1. Lies das Konzept vollständig durch

Bevor der erste Kurs startet, solltest du das gesamte Konzept kennen – nicht nur die erste Einheit. Nur so kannst du Teilnehmern erklären, wie sich der Kurs entwickelt.

2. Passe Sprache und Beispiele an

Ein gutes Konzept ist eine Vorlage, kein starres Skript. Ergänze eigene Beispiele, passe Formulierungen an deinen Stil an und mache es zu deinem.

3. Übe die Übungen vorher selbst

Auch wenn du die Methoden kennst – gehe jede Übungsanleitung einmal durch, bevor du sie unterrichtest. Das verhindert Unsicherheiten vor der Gruppe.

4. Hole dir nach dem ersten Kurs Feedback

Ein kurzer Feedbackbogen am Ende hilft dir, das Konzept weiter zu optimieren. Was fanden die Teilnehmer besonders wertvoll? Was fehlte ihnen?

5. Plane dein Marketing vor dem Start

Ein fertiges Konzept ermöglicht dir, bereits Wochen vorher Anmeldungen zu sammeln. Nutze Social Media, deine Website und Stammkunden, um den Kurs frühzeitig zu füllen.

Häufige Fragen

Wie lange dauert es, ein Kurskonzept für eine Hundeschule selbst zu erstellen?

Je nach Erfahrung und Kursformat sollte man für ein vollständiges Kurskonzept mit Stundenplänen, Übungsanleitungen und Teilnehmerunterlagen zwischen 10 und 25 Stunden einplanen. Fertige Kurskonzepte reduzieren diesen Aufwand auf wenige Stunden Einarbeitung.

Was muss ein Kurskonzept für die Hundeschule enthalten?

Ein vollständiges Kurskonzept enthält: Kursziel und Zielgruppe, Voraussetzungen für Teilnehmer und Hunde, Stundenplan mit Lernzielen pro Einheit, konkrete Übungsanleitungen, Hinweise zu Hilfsmitteln und Material, Teilnehmerunterlagen sowie Empfehlungen für Übungen zu Hause.
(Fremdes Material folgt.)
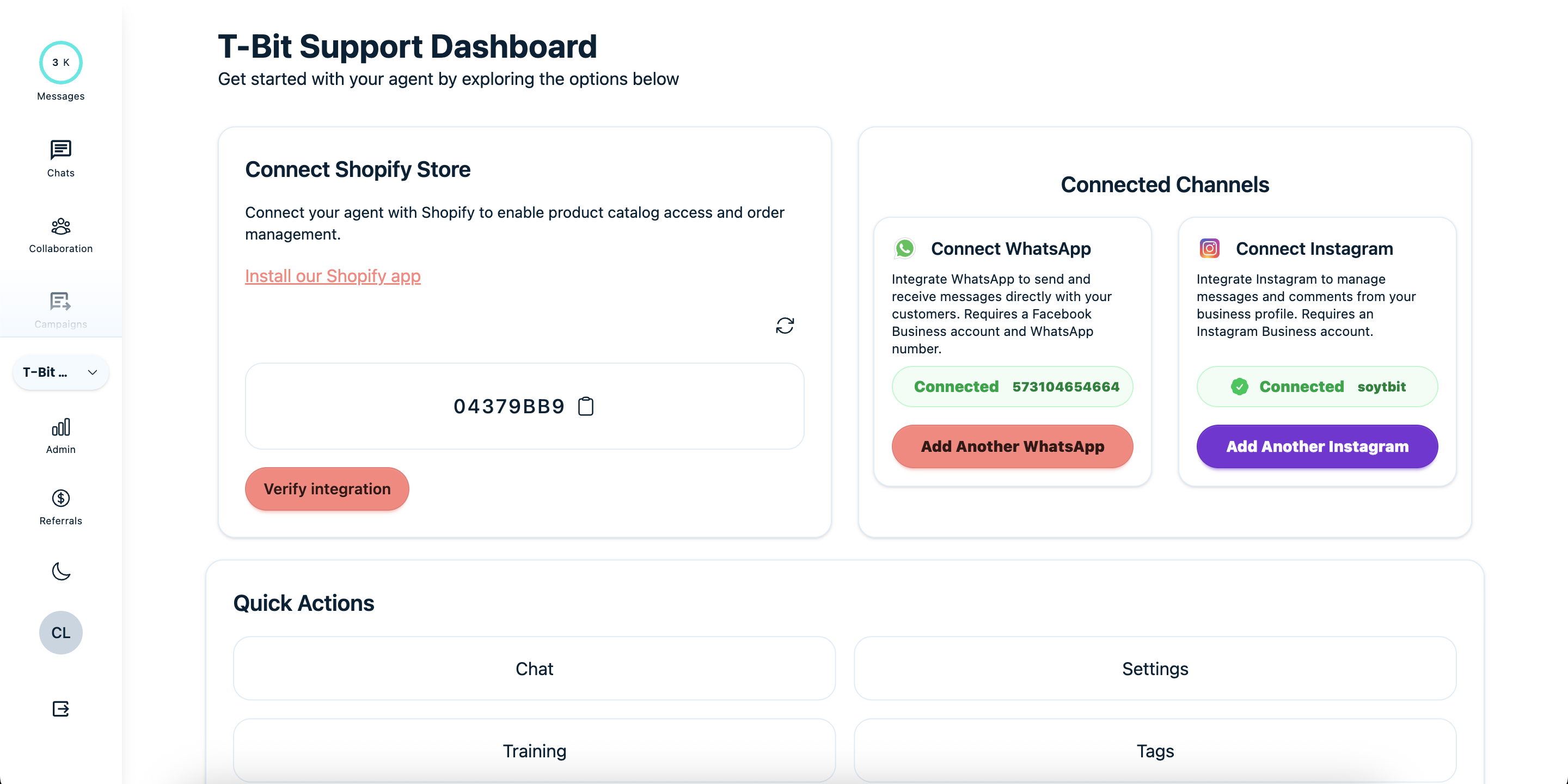 - Channels Supported: WhatsApp, Instagram, Telegram, Facebook

Kann ich als neuer Hundetrainer direkt mit fertigen Konzepten arbeiten?

Ja. Fertige Kurskonzepte sind besonders für Berufseinsteiger wertvoll, weil sie eine professionelle Struktur bieten, die sonst erst durch Jahre Erfahrung entsteht. Wichtig ist, das Konzept vor dem ersten Kurs vollständig zu lesen und eigene Anpassungen vorzunehmen.

Wie viele Teilnehmer sollte ein Hundekurs haben?

Für Welpenkurse und Grundgehorsam gelten 5–8 Teilnehmer als optimal. So kann der Trainer jedem Hund-Mensch-Team ausreichend Aufmerksamkeit schenken. Bei Spezialkursen wie Mantrailing sind kleinere Gruppen mit 3–5 Teilnehmern sinnvoller.

Muss ich eine Ausbildung haben, um Hundekurse anzubieten?

In Deutschland gibt es aktuell keine gesetzlich geregelte Pflichtausbildung für Hundetrainer. Eine anerkannte Ausbildung (z. B. BHV, VDH, DHV) schafft jedoch Vertrauen bei Kunden und ist aus ethischen Gründen empfehlenswert. Informiere dich außerdem über die Anforderungen in deinem Bundesland.

Fazit: Lohnt sich ein fertiges Kurskonzept?

Für die große Mehrheit der Hundetrainer – ob Einsteiger oder erfahrener Profi – ist ein fertiges Kurskonzept eine der sinnvollsten Investitionen, die sie für ihre Hundeschule tätigen können. Der Zeitaufwand für die Eigenerstellung übersteigt den Kaufpreis bei weitem, und die professionelle Struktur steigert sofort die wahrgenommene Qualität deines Angebots.